On Planning Or Pantsing; or, You Are What You Love but You Aren't What You Do

I read an interview piece recently where a bunch of Nebula finalists were asked whether they considered themselves planners or pantsers* - and was reminded, not for the first time, of just how goddamn annoying I find the question.
THESE are pants.

Right off the bat, I kind of hate that term, "pantser".  All else aside, here in the UK pants are underwear rather than trousers, so it pretty much makes you sound like some kind of sex molester.  I mean, "What are you doing?", "Oh you know, just sitting around here doing some pantsing" ... that's not a conversation you want to have, not unless you have a profound urge to spend the night in a police cell.

But the other reason is, why should I have to choose?  Why should anyone?  Like so many of the things that society presents to us as as binary choices - left wing or right wing, sporty or smart, chocolate or vanilla - planning and pantsing are not mutually exclusive.  They're not even mutually incompatible.  In my own experience, they can pretty much be done at the same time.

As a writer I'm all for personal choice.  I've written Fantasy, Science Fiction, Horror, Crime and - for want of a better phrase - Literary Fiction, and written them as prose and poetry, comics and film scripts.  I've written tweet-length fiction and novels and everything in between.  I've planned and I've pantsed, and sometimes I've even done those things in public.  And I've usually had sound reasons, but the most personal and for me the most important is, I want to have fun with this stuff.  If writing's a sandpit, I want to play in as much of it as I can while I can.
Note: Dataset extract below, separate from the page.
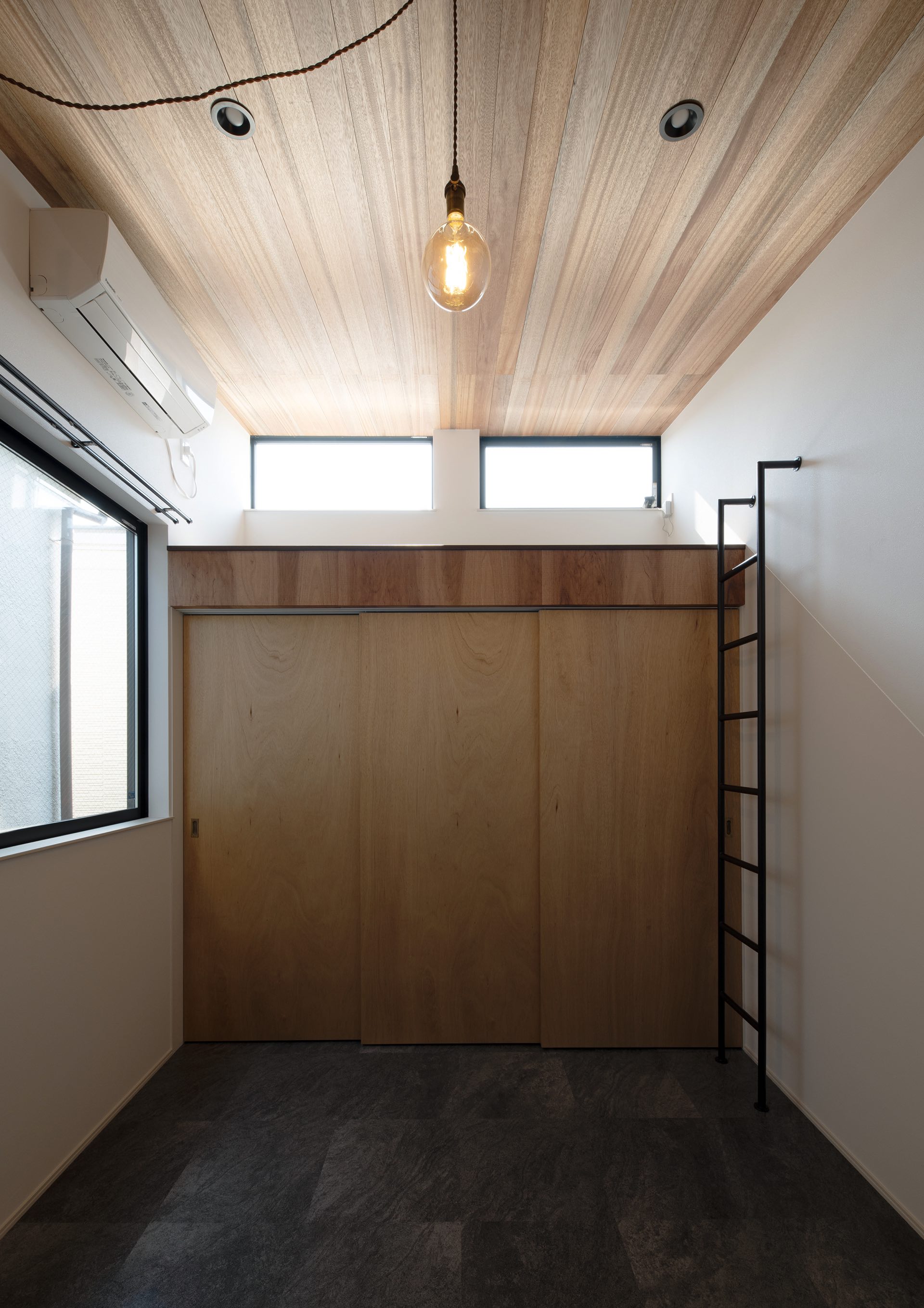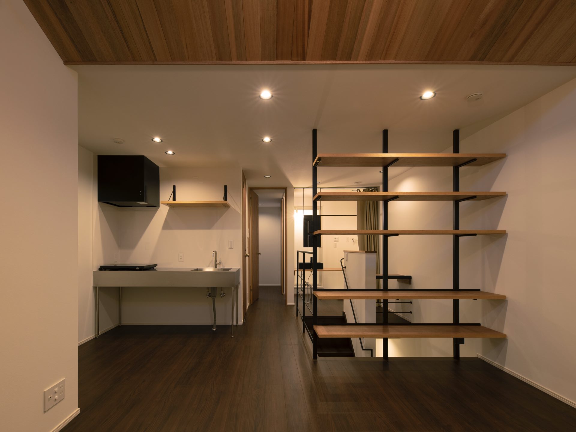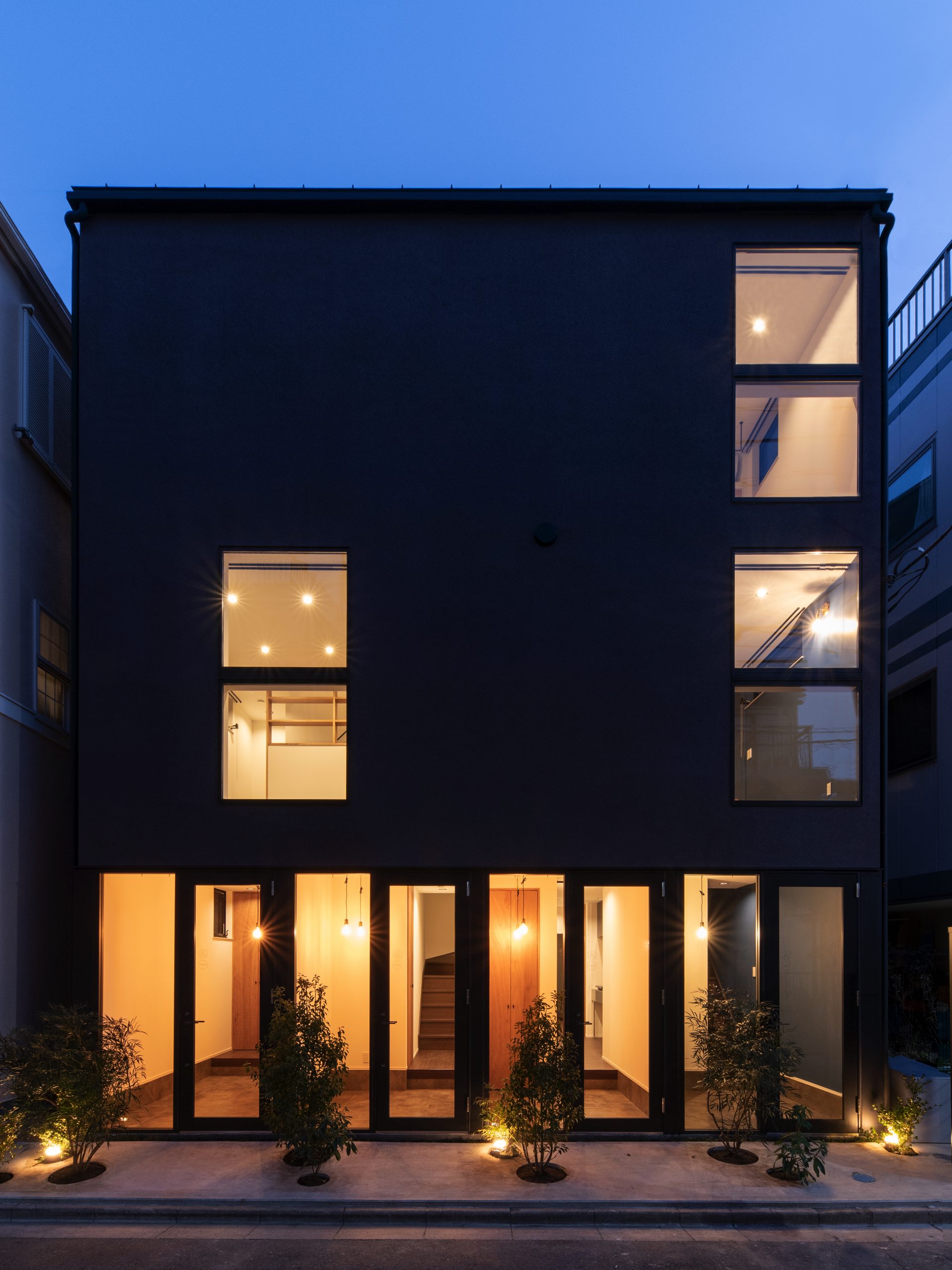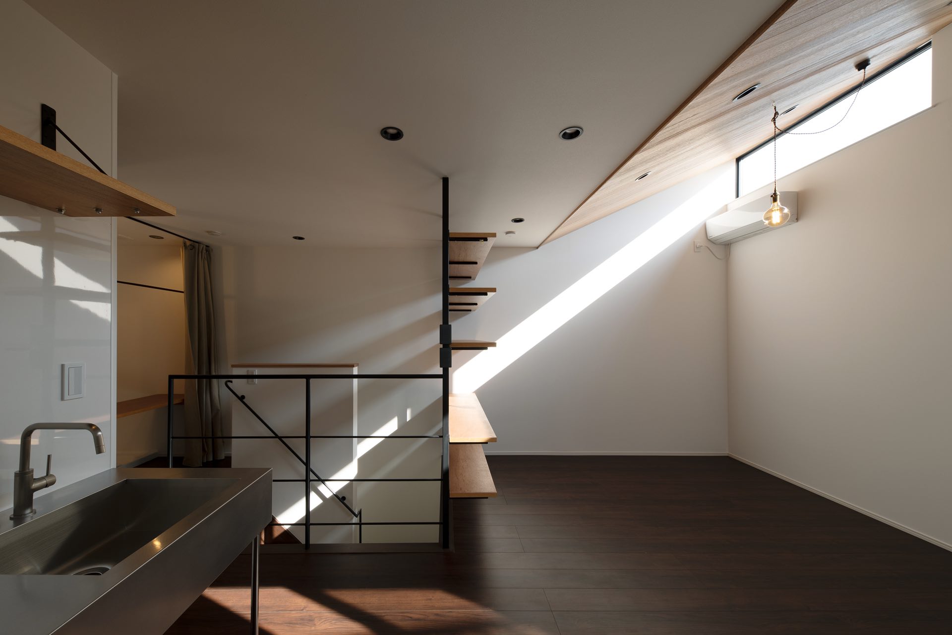 東尾久四丁目の集合住宅 準工業地域 構造:木造 敷地面積:102.30㎡ 延床面積:181.81㎡ 住戸数 :4戸 ファサード面は玄関ドアとFIXの水平連続窓を設けるアイコニックな外観。屋根勾配を利用したハイサイドライトから南の採光を取り入れた明るいLDK。天井面の内装は木羽目板を使用した高級仕様、コストバランスとコントラストを利かせたデザイン。

Not only that but I wholeheartedly believe that experimentation makes you a better writer.  Sure, there's an argument for specialization, and let's face it, many an author has done perfectly well from writing the same book over and over again - and some of them were even really good - but as a rule the way you get better in this industry is surely by stretching yourself rather than by limiting yourself.  It's how you figure out what you can do and what you want to do, the kind of writer you are and the kind of writer you're capable of being.

So maybe you're a hardline planner.  Maybe you just love to pants.  However dodgy one of this things might sound, that's absolutely your right.  And sometimes it's fun to stick labels on yourself; it's a big part of how we human beings conduct our day-to-day existence.  But as a writer all I'm saying is, be wary of letting those labels define what you are or aren't capable of.  Be wary of doing the wrong thing because you've decided it's the thing that you do.  Planning is a tool.  Not planning is a tool.  Every possible approach to what you do is a tool in your toolbox, and it's up to you to decide how you go about using them. 

* For those who don't know, "pantsing" is writing by the seat of your pants - i.e. without a plan.